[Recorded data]
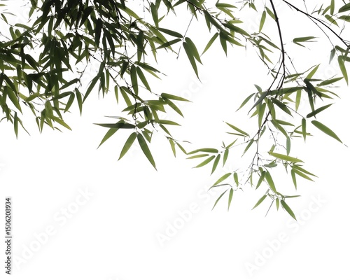 Vibrant Green Bamboo Leaves Branch Isolated on White Background
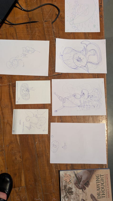 But tonight I feel empty, someone who just showed up with a sketchbook and a jet-lagged brain and a series of half-formed ideas. But maybe that is okay. I often say drawing as a form of inquiry, a way of following a line toward what you don’t yet know you want to find out. You have to not-know first. It’s important to allow yourself to get lost.
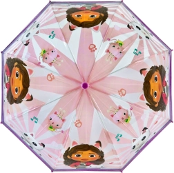 De Gabby's Dollhouse paraplu is speciaal ontworpen voor kinderen, met de nadruk op veiligheid en comfort. De koepelvorm biedt uitstekende bescherming tegen de regen, terwijl de motieven van Gabby, Pandy Paw en Cat Elf voor speelsheid zorgen. Hij is ideaal voor kinderen vanaf 3 jaar dankzij het eenvoudige handmatige openen en sluiten, dat veilig is en is afgestemd op de behoeften van kinderen. Het afgeronde handvat zorgt voor een comfortabele grip, wat je zult waarderen tijdens lange, regenachtige wandelingen.
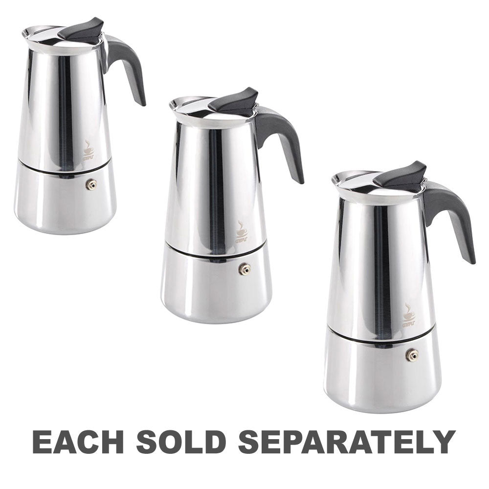 Med Gefus espresso -producent kan du brygge lækker, aromatisk espresso på ingen tid overhovedet. Den moderne, høje enhed er lavet af rustfrit stål og har et sort varmeisoleret håndtag. Bare hæld vand og jordkaffebønner, skru sammen og kog på ovnen, indtil den duftende kaffe er klar - så nyd det. Kapacitet: 6 kopper.
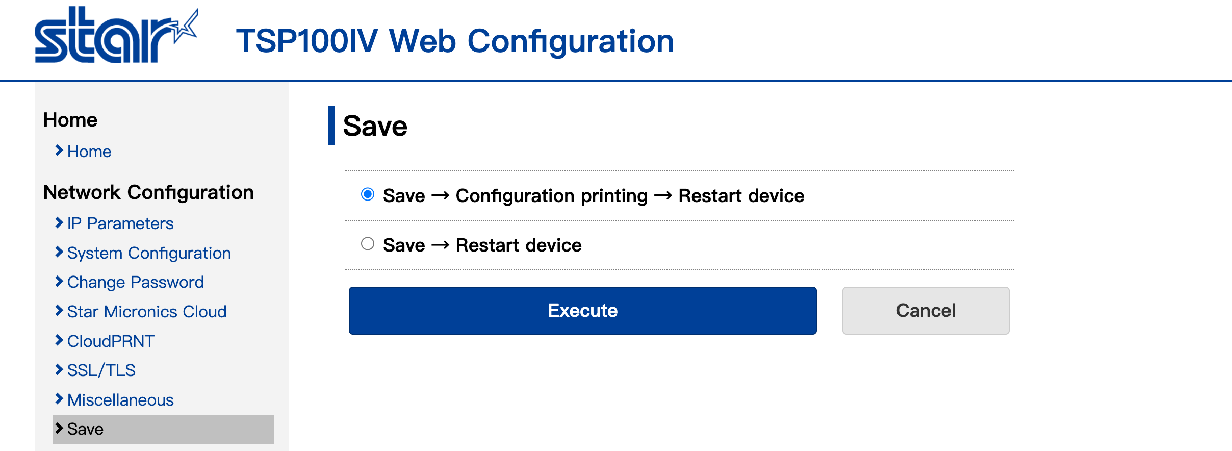 完成以上設定後，按下「SAVE」或「儲存」按鈕，讓打印機重新套用 CloudPRNT 設定。
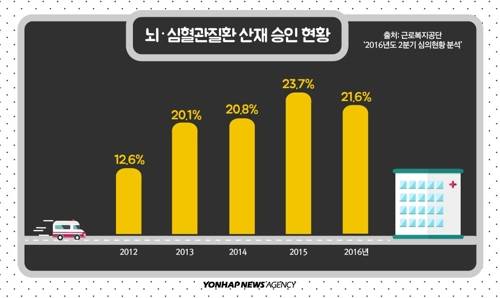 근로복지공단의 '2016년도 2분기 심의현황 분석'에 따르면 뇌·심혈관질환의 산재 승인율은 2012년 12.5%, 2013년 2.1%, 2014년 20.8%, 2015년 23.7%, 2016년 21.6%에 불과했다.
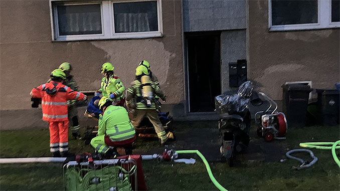 Bei Eintreffen quoll bereits dichter Rauch aus einem Fenster im ersten Obergeschoss. Es wurde umgehend ein Trupp unter schwerem Atemschutz mit einem Löschrohr und Brechwerkzeug zur betroffenen Wohnung beordert. Nachdem sich der eingesetzte Trupp Zugang in die Wohnung verschafft hatte, konnten die Einsatzkräfte schnell die vermisste Person im Rauch lokalisieren, aus der Wohnung retten und mit der Unterstützung eines weiteren Trupps, ins Freie transportieren. Dort wurde der Gerettete dem Rettungsdienst übergeben. Die Brandursache, ein brennender Topf auf dem Herd, wurde im Anschluss abgelöscht und die Wohnung belüftet. Der Bewohner wurde vom Notarzt untersucht und mit einem Rettungswagen in ein Krankenhaus transportiert.
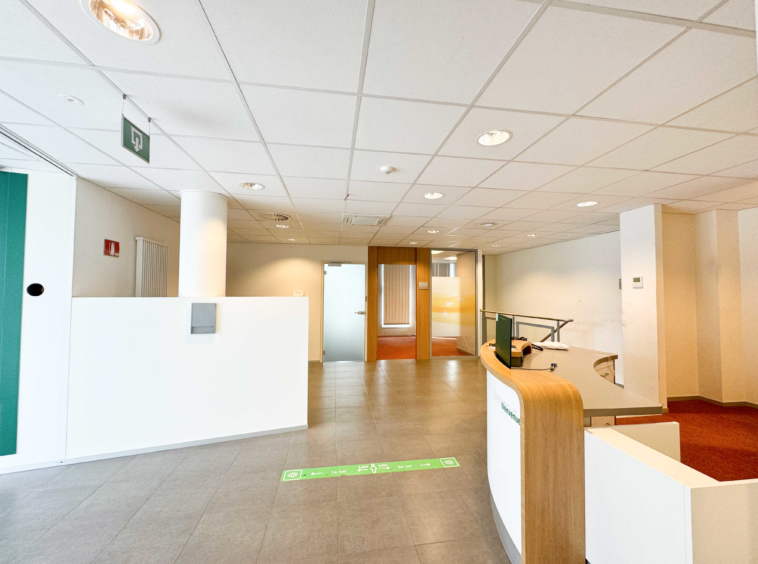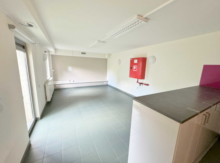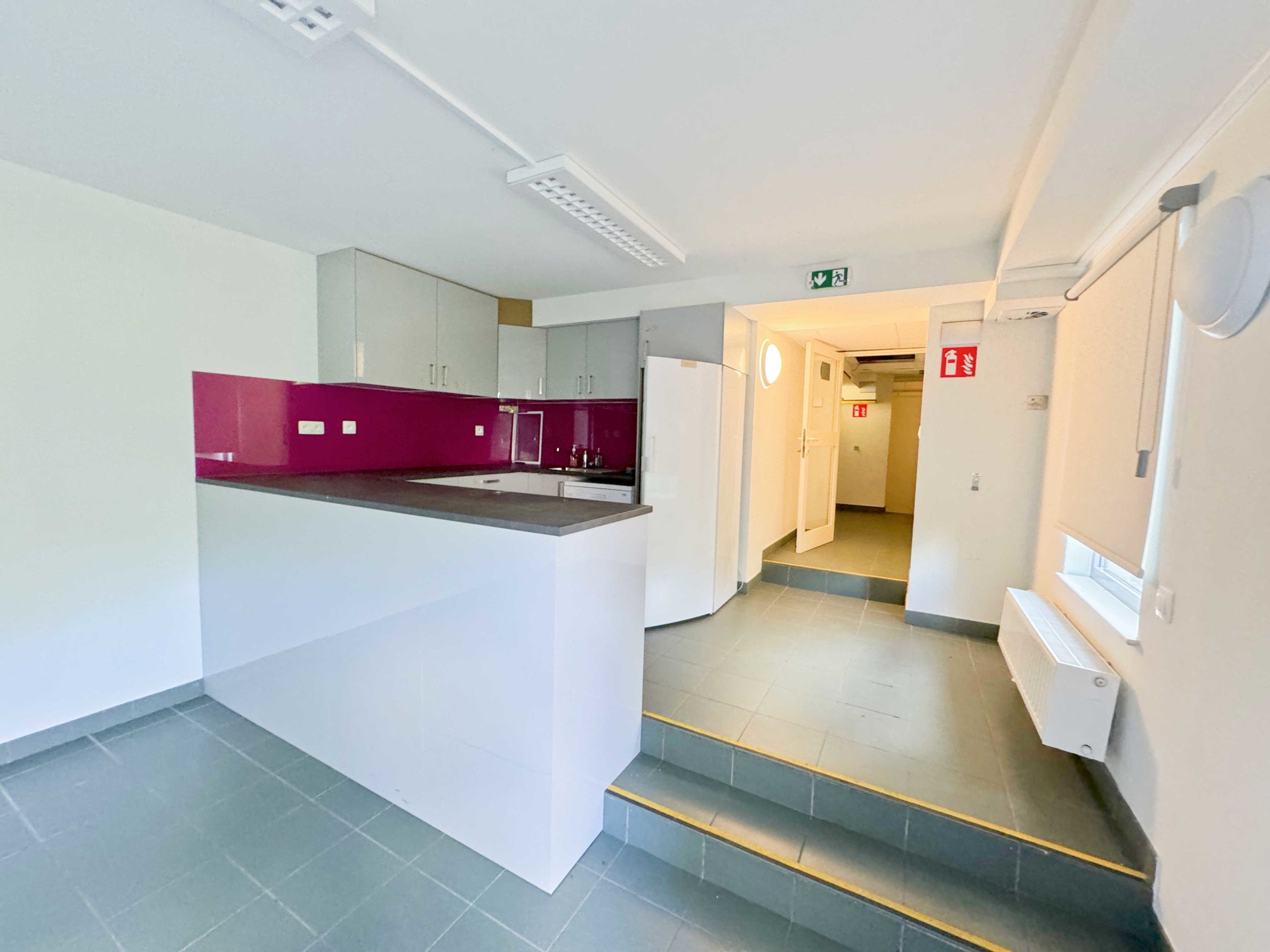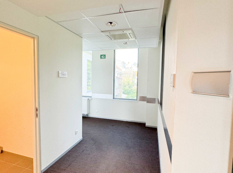 Au rez-de-chaussée, entrée via la rue Robert Boisacq, accueil, bureaux (4), stock et escaliers.
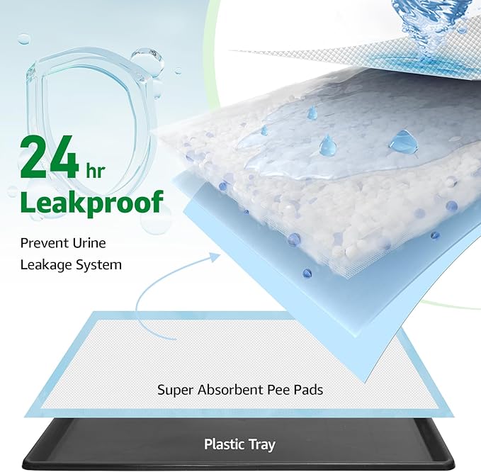 - 5 DISPOSABLE PEE PADS: The artificial grass for dogs potty come with an incredible dog pee pad solution. Advanced absorption technology from Japan,when the drainage holes get the liquids to travel downwards, Oiyeefo puppy pee pad catch the urine and absorb it quickly, so the extreme odor-causing issues can be easily curbed.
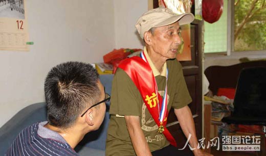 2015年適逢中國人民抗日戰(zhàn)爭暨世界反法西斯戰(zhàn)爭勝利70周年,人民網(wǎng)作為獨家媒體支持推出“全國大學生紀念抗戰(zhàn)勝利70周年尋訪活動”,引導青年大學生主動、自覺地在社會實踐中學習“歷史課”,緬懷抗戰(zhàn)先烈,傳承革命精神。在尋訪活動中,不少團隊對抗戰(zhàn)老兵進行采訪,記錄老兵們鮮為人知的抗戰(zhàn)故事。
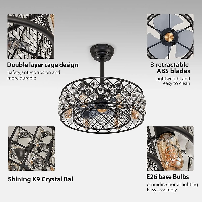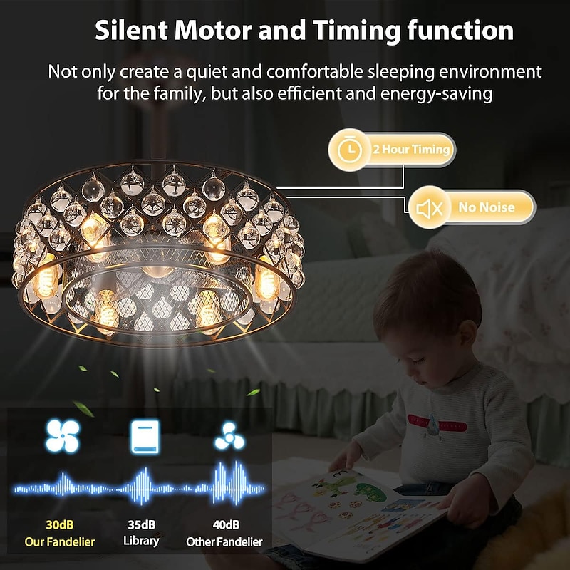 Why Choose Ceiling Fan with Lights Crystal Black 21" snug White LED 6 Speeds Timing Reversible Blades with Remote Control, Household Fan Chandelier, indoor Low Profile Flush Mount Ceiling Fan 110-120V?
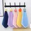 Cozinha pendurável coral lã toalha dos desenhos animados das crianças bonito lavar as mãos absorvente limpo toalha de secagem rápida atacado
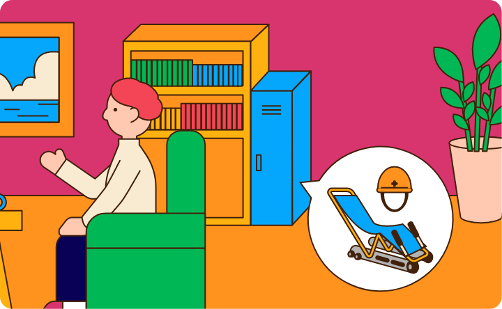 階段避難車階段での歩行が困難の方が安全に避難できるように開発された避難器具です。座ったまま階段をスムースに降下できます。
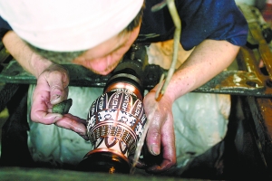 掐絲就是拿扁銅絲粘在銅胎表面上。這是一種非常精細(xì)的工作。掐絲工人心里有譜,不用在銅胎上打稿,就能自由自在地粘成圖畫。

- [What is needed]: Leaving the images out, print the records above exactly.

- [Answer section]:
 Vibrant Green Bamboo Leaves Branch Isolated on White Background
 But tonight I feel empty, someone who just showed up with a sketchbook and a jet-lagged brain and a series of half-formed ideas. But maybe that is okay. I often say drawing as a form of inquiry, a way of following a line toward what you don’t yet know you want to find out. You have to not-know first. It’s important to allow yourself to get lost.
 De Gabby's Dollhouse paraplu is speciaal ontworpen voor kinderen, met de nadruk op veiligheid en comfort. De koepelvorm biedt uitstekende bescherming tegen de regen, terwijl de motieven van Gabby, Pandy Paw en Cat Elf voor speelsheid zorgen. Hij is ideaal voor kinderen vanaf 3 jaar dankzij het eenvoudige handmatige openen en sluiten, dat veilig is en is afgestemd op de behoeften van kinderen. Het afgeronde handvat zorgt voor een comfortabele grip, wat je zult waarderen tijdens lange, regenachtige wandelingen.
 Med Gefus espresso -producent kan du brygge lækker, aromatisk espresso på ingen tid overhovedet. Den moderne, høje enhed er lavet af rustfrit stål og har et sort varmeisoleret håndtag. Bare hæld vand og jordkaffebønner, skru sammen og kog på ovnen, indtil den duftende kaffe er klar - så nyd det. Kapacitet: 6 kopper.
 完成以上設定後，按下「SAVE」或「儲存」按鈕，讓打印機重新套用 CloudPRNT 設定。
 근로복지공단의 '2016년도 2분기 심의현황 분석'에 따르면 뇌·심혈관질환의 산재 승인율은 2012년 12.5%, 2013년 2.1%, 2014년 20.8%, 2015년 23.7%, 2016년 21.6%에 불과했다.
 Bei Eintreffen quoll bereits dichter Rauch aus einem Fenster im ersten Obergeschoss. Es wurde umgehend ein Trupp unter schwerem Atemschutz mit einem Löschrohr und Brechwerkzeug zur betroffenen Wohnung beordert. Nachdem sich der eingesetzte Trupp Zugang in die Wohnung verschafft hatte, konnten die Einsatzkräfte schnell die vermisste Person im Rauch lokalisieren, aus der Wohnung retten und mit der Unterstützung eines weiteren Trupps, ins Freie transportieren. Dort wurde der Gerettete dem Rettungsdienst übergeben. Die Brandursache, ein brennender Topf auf dem Herd, wurde im Anschluss abgelöscht und die Wohnung belüftet. Der Bewohner wurde vom Notarzt untersucht und mit einem Rettungswagen in ein Krankenhaus transportiert.
 Au rez-de-chaussée, entrée via la rue Robert Boisacq, accueil, bureaux (4), stock et escaliers.
 - 5 DISPOSABLE PEE PADS: The artificial grass for dogs potty come with an incredible dog pee pad solution. Advanced absorption technology from Japan,when the drainage holes get the liquids to travel downwards, Oiyeefo puppy pee pad catch the urine and absorb it quickly, so the extreme odor-causing issues can be easily curbed.
 2015年適逢中國人民抗日戰(zhàn)爭暨世界反法西斯戰(zhàn)爭勝利70周年,人民網(wǎng)作為獨家媒體支持推出“全國大學生紀念抗戰(zhàn)勝利70周年尋訪活動”,引導青年大學生主動、自覺地在社會實踐中學習“歷史課”,緬懷抗戰(zhàn)先烈,傳承革命精神。在尋訪活動中,不少團隊對抗戰(zhàn)老兵進行采訪,記錄老兵們鮮為人知的抗戰(zhàn)故事。
 Why Choose Ceiling Fan with Lights Crystal Black 21" snug White LED 6 Speeds Timing Reversible Blades with Remote Control, Household Fan Chandelier, indoor Low Profile Flush Mount Ceiling Fan 110-120V?
 Cozinha pendurável coral lã toalha dos desenhos animados das crianças bonito lavar as mãos absorvente limpo toalha de secagem rápida atacado
 階段避難車階段での歩行が困難の方が安全に避難できるように開発された避難器具です。座ったまま階段をスムースに降下できます。
 掐絲就是拿扁銅絲粘在銅胎表面上。這是一種非常精細(xì)的工作。掐絲工人心里有譜,不用在銅胎上打稿,就能自由自在地粘成圖畫。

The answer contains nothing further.